Pfarrbrief vom 03.08.2003:
Ob wir wollten oder nicht - immer waren wir dabei. Wann wir auch in den vergangenen Wochen das Fernsehen einschalten mochten, unbarmherzig wurden wir in den härtesten sportlichen Wettkampf hineingezogen. Anders als beim Boxen, bei dem man den Gegner kampfunfähig schlagen muss, um zum Sieg zu kommen, wird beim Radsport der Kampf gegen sich selbst geführt. Jeder Teilnehmer der Tour de France steht unter dem selben Gesetz: Unsagbare Schmerzen ertragen. Die Lippen wurden zerbissen, um mit den Schmerzen der Erschöpfung, des Durstes, der Kraftlosigkeit oder der Muskeln fertig zu werden. Aber „wenn ich abends am Telefon das Baby schreien höre, sind alle Schmerzen weg“, sagte Jan Ullrich.

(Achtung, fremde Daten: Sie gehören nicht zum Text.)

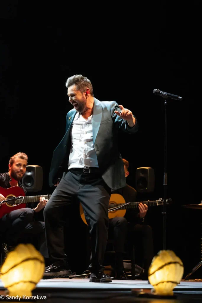 Miguel Poveda, en cambio, es un transatlántico. Es una estrella del flamenco, y lo sabe: ocupa el escenario como tal. A Nimes -donde reconoció que llevaba muchos años sin venir, también a Francia- trajo la versión reducida de su espectáculo más reciente, Poema del cante jondo. Y aun así es decir mucho, porque el formato incluía a su equipo habitual: Jesús Guerrero a la guitarra; Miguel Ángel Soto, Londro y Carlos Grilo a las palmas y el coro; Paquito González a la percusión. No sólo son todos brillantes: la maquinaria Poveda está perfectamente engrasada. Los tiempos, los picos de emoción, las entradas y salidas… todo funciona con precisión de reloj.

Da das Leben wie eine Tour de France sein kann, lohnt sich ein Rückblick auf dieses weltbekannte Radrennen. Zum Glück besteht unsere Tour de France nicht nur aus Strapaze, Entbehrung und totalem Einsatz. Uns bleiben Möglichkeiten der Erholung, Entspannung und der Ferien. Manchmal machen die Rennfahrer diese Erfahrung, wenn sie bergab rasen; dann kommt aber sofort wieder die Jagd nach Sekunden hinzu. Was uns mit den Radprofis verbindet, ist das Leid, das überraschend in unser Leben treten kann. Auch der Sieger der Tour de France, Lance Armstrong, blieb davon nicht verschont. Wer würde ahnen, dass dieser Ausnahmesportler, von dem sein Rivale Jan Ullrich sagte, „Lance muss gewinnen, ich kann gewinnen“, von schweren Operationen an seinem Leib gezeichnet ist. 14 Tumore wurden ihm an Schädel, Brust und Unterleib entfernt. Nach diesem Kampf um Leben und Tod kehrte er 1998 in die Arena zurück und gewann 5 mal hintereinander die Tour de France. Am Beginn seiner Chemotherapie sagte er: „Ich wollte dem Krebs die Beine ausreißen.“ Wie wichtig der Lebenswille für den Sieg über eine Krankheit sein kann! Das ist der Glaube an sich selbst.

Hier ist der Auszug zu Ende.